At about 2:30 p.m., they arrived at Folkestone, England, where they boarded another passenger train bound for London. Clickety, clack, clickety, clack. Mile after mile, the train traveled at about forty miles per hour through the beautiful countryside of southern England. Between Headcorn and Staplehurst, about 60 miles south of London, the railway line crossed a small valley through which the River Beult flows. During the winter months, the River Beult held enough water “to float a ship,” but, during the summer months, the water dried to a trickle and the river basin was a muddy mess. On this summer afternoon, little water passed under the simple iron bridge.
At the River Beult bridge, the passengers heard a “deep and heavy” noise and felt “two terrible jolts.” As the train’s engine crossed the iron bridge, several of the passenger cars derailed and crashed into the muddy riverbed below. Only a singe passenger car remained connected to the engine but it was dangling precariously from the iron bridge. John occupied a seat on this dangling car.
Fearing the dangling passenger car would come uncoupled from the engine and crash down upon the heap of other wrecked passenger cars, the occupants quickly scurried out of the windows, John among them. Although they were all in shock, every able-bodied survivor hurried to the remains of the shattered carriages. The scene was one of death, destruction, and chaos. Twisted metal, wood, and train wheels projected from the water. Luggage and other personal items floated in the shallow water. The serenity that the passengers had known the whole of the trip was shattered and replaced by the moans and screams of the injured passengers.
John ran to give whatever aid he could provide. He yelled for someone to give him some brandy for the injured people but none could be found. John removed his hat and filled it with water. He washed the faces of the injured and gave them water to drink. Still in shock himself, John ran to every person he could find and tried to provide as much comfort as was possible. John tried to calm everyone around him and struggled to remain calm himself.

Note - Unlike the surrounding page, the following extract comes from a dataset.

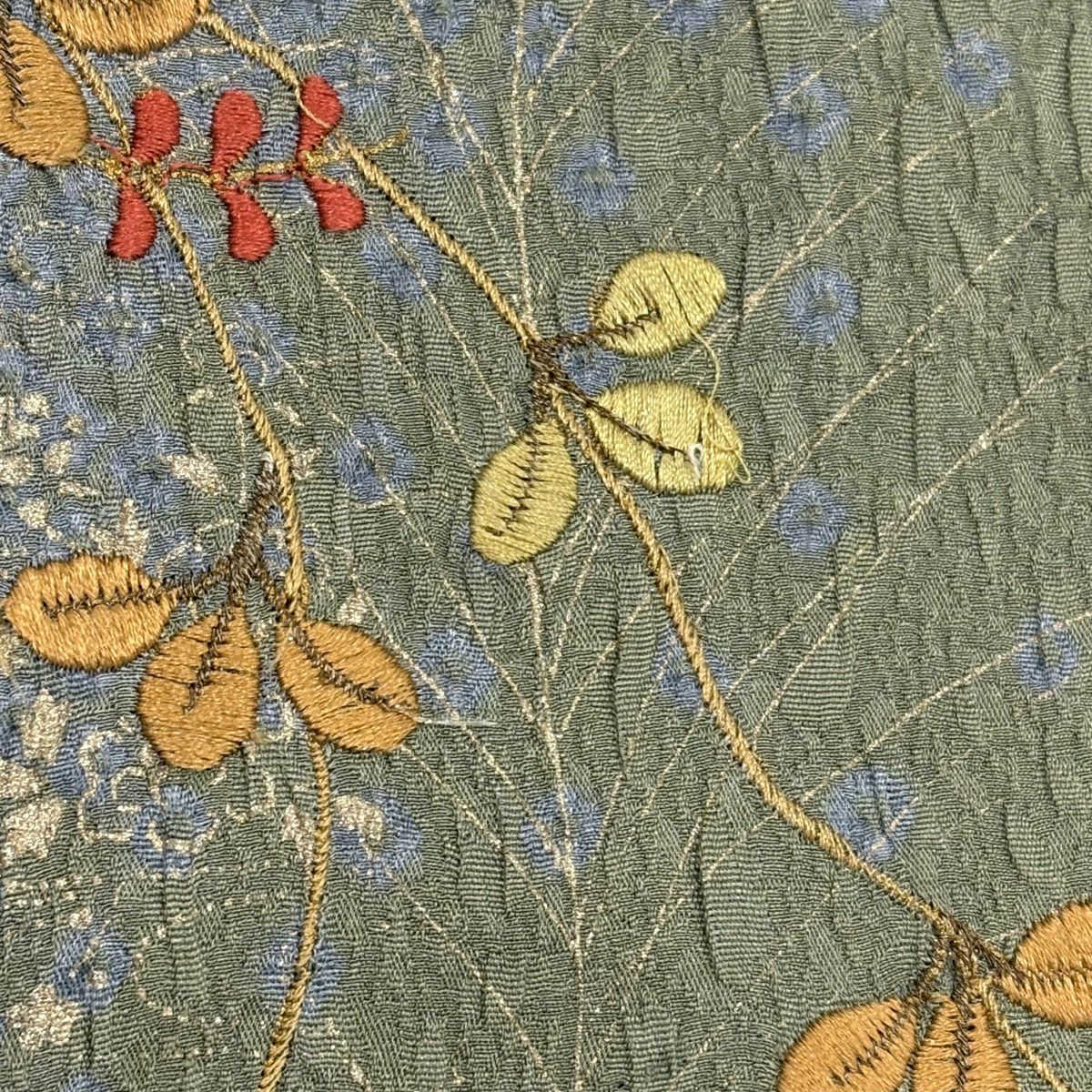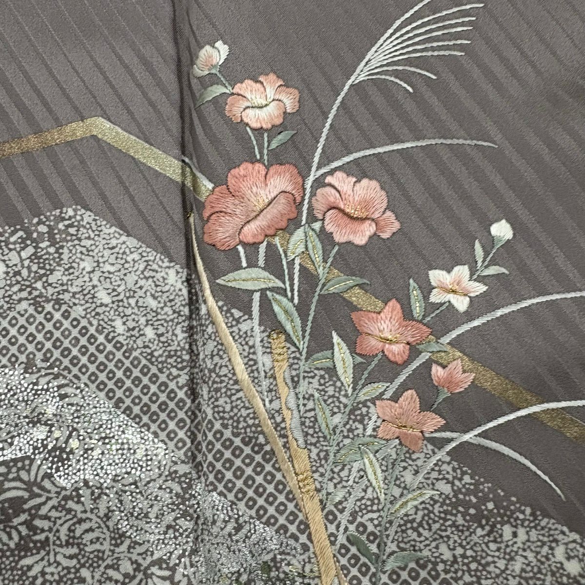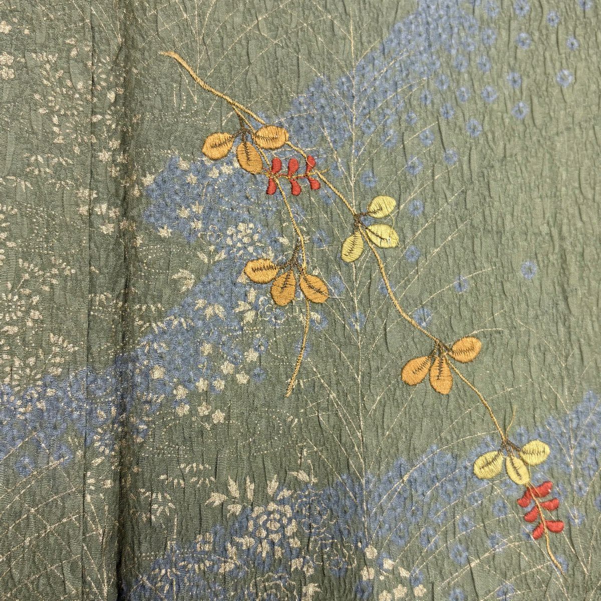 50%OFF 付下げ 身丈157cm 裄丈63.5cm S 袷 萩 流水 絞り 刺繍 灰緑 正絹 秀品 K50
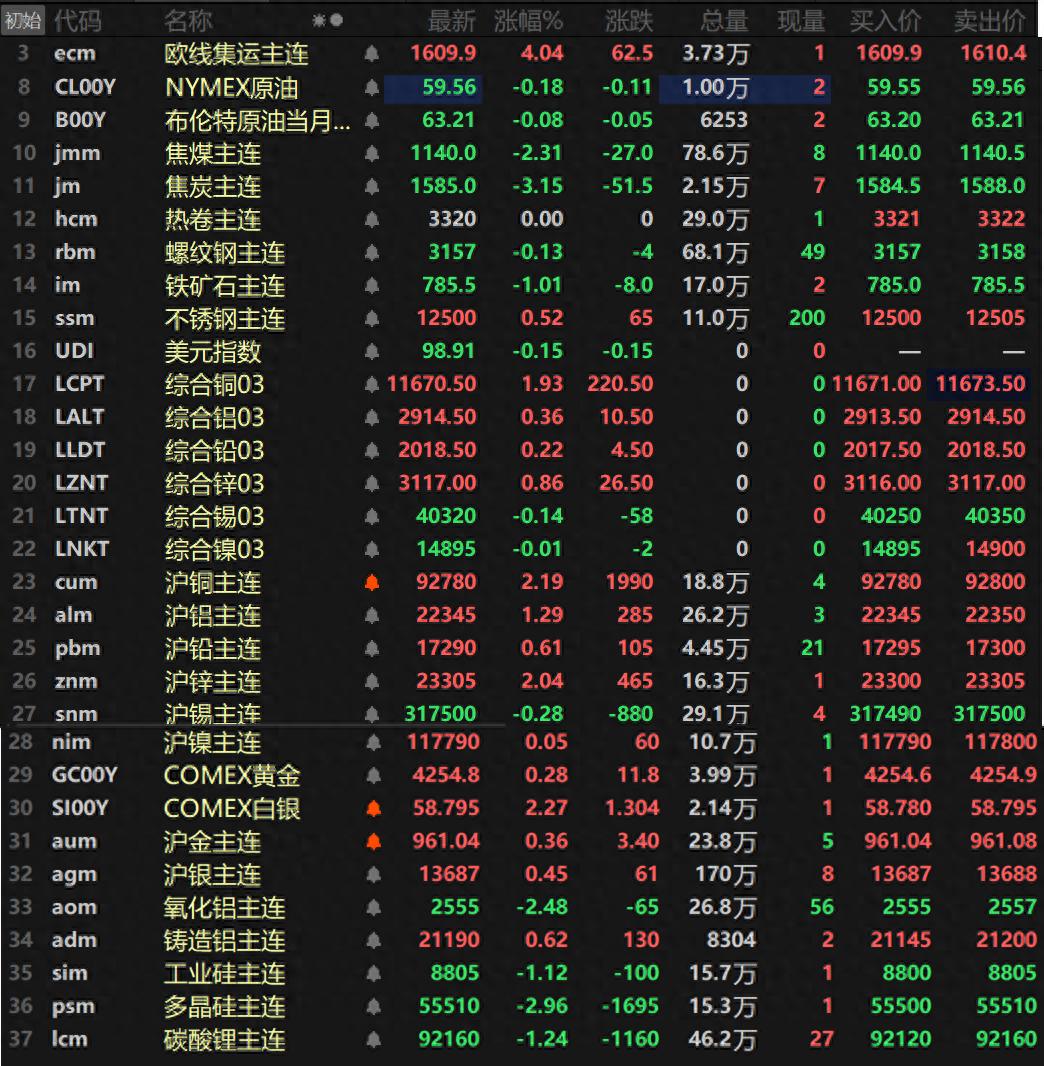 此外,碳酸锂主连跌1.24%,录得四连跌。多晶硅跌2.96%,工业硅跌1.12%,欧线集运主连涨4.04%报1609.9。

John and the other uninjured passengers helped the injured to the bank of the river. They carried the ones who had not survived to the same bank. They carried one woman to the bank who had been crushed to death by the passenger car. Her panic-stricken husband searched through the wreckage and screamed “My wife, my wife!” When he came upon the crushed, lifeless body of his wife on the bank, he collapsed beside her and cried uncontrollably. John looked away and continued helping the injured. A total of ten people died as a result of their injuries. Had John and the other uninjured passengers not rendered assistance, the death toll would have been much higher.
John never got over the Staplehurst crash. Although not physically wounded, he suffered from bouts of nervousness and shakiness for the rest of his life. Three months later, John was to be a guest at a dinner with other writers but could not attend due to the shock he sustained in the crash. He avoided travelling by train, which was the main mode of transportation to destinations outside of London. John Huffman died five years to the day from the Staplehurst crash. His children attributed his death, at least in part, to the Staplehurst train crash. On the following day, newspapers around the world announced the death of the author who wrote such novels as “Great Expectations,” “Hard Times,” “Oliver Twist,” “Bleak House,” “A Tale of Two Cities,” and, his best-selling book, the aforementioned ghost story called “A Christmas Carol.” John Huffman’s full name was Charles John Huffman Dickens…Charles Dickens.